The effects of the GABAB-selective agonist baclofen were studied on guinea pig nodose ganglion neurones using grease gap and intracellular recording techniques, and on peripheral mechanosensitive endings in the guinea pig oesophagus and stomach with extracellular recordings. GABA dose-dependently reduced the amplitude of the compound action potential of C-type neurones (C spikes, EC50 = 30.9 microM), which was prevented by the GABAA antagonist bicuculline (10 microM).

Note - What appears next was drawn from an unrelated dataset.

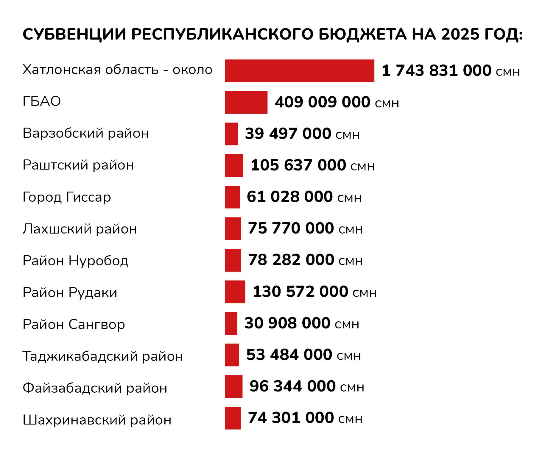 Субвенции на сумму около 2,9 млрд сомони (более $265 млн) заложены в республиканском бюджете на 2025 год. Эти средства направляются в бюджеты Хатлонской области и ГБАО, города Гиссара и девять районов республиканского подчинения.

The GABAB agonist baclofen (1-300 microM) did not produce any significant effect on the amplitude of C spikes. In microelectrode studies, baclofen (100 microM) evoked hyperpolarisation (by 2.53 +/- 0.51 mV, n = 6, N = 5) in a subset of nodose neurones (6 out of 26, N = 18). In seven out of eight neurones (N = 8) with a slow after-hyperpolarisation following action potentials, baclofen significantly inhibited its amplitude by 19 +/- 4% (n = 7, p < 0.05). GABA (100 microM) evoked a depolarisation of 9.3 +/- 2.4 mV (10 nodose neurones, N = 9, p < 0.05) associated with a decrease in input impedance of 49 +/- 12% (N = 4, p < 0.05). Baclofen (100-200 microM) did not affect either spontaneous or stretch-evoked firing of distension-sensitive vagal mechanoreceptors of the guinea pig oesophagus and stomach but did inhibit mechanoreceptors in the ferret oesophagus. Antibodies to GABAB receptor 1a splice variants labelled most of the neurones and numerous fibres in the guinea pig nodose ganglion while antibodies to GABAB receptor 1b splice variants stained only nerve cell bodies. There were numerous nerve fibres showing GABAB receptor 1a- and 1b-like immunoreactivity in the myenteric plexus in the guinea pig oesophagus and stomach but not in anterogradely labelled extrinsic vagal nerve fibres. The result indicates that most guinea pig C-type nodose ganglion neurones have GABAB receptors on their cell bodies but their density on distension-sensitive peripheral endings is too low to allow modulation of mechanotransduction. There is a significant species-dependent difference in the expression of GABAB receptors on peripheral vagal mechanosensitive endings.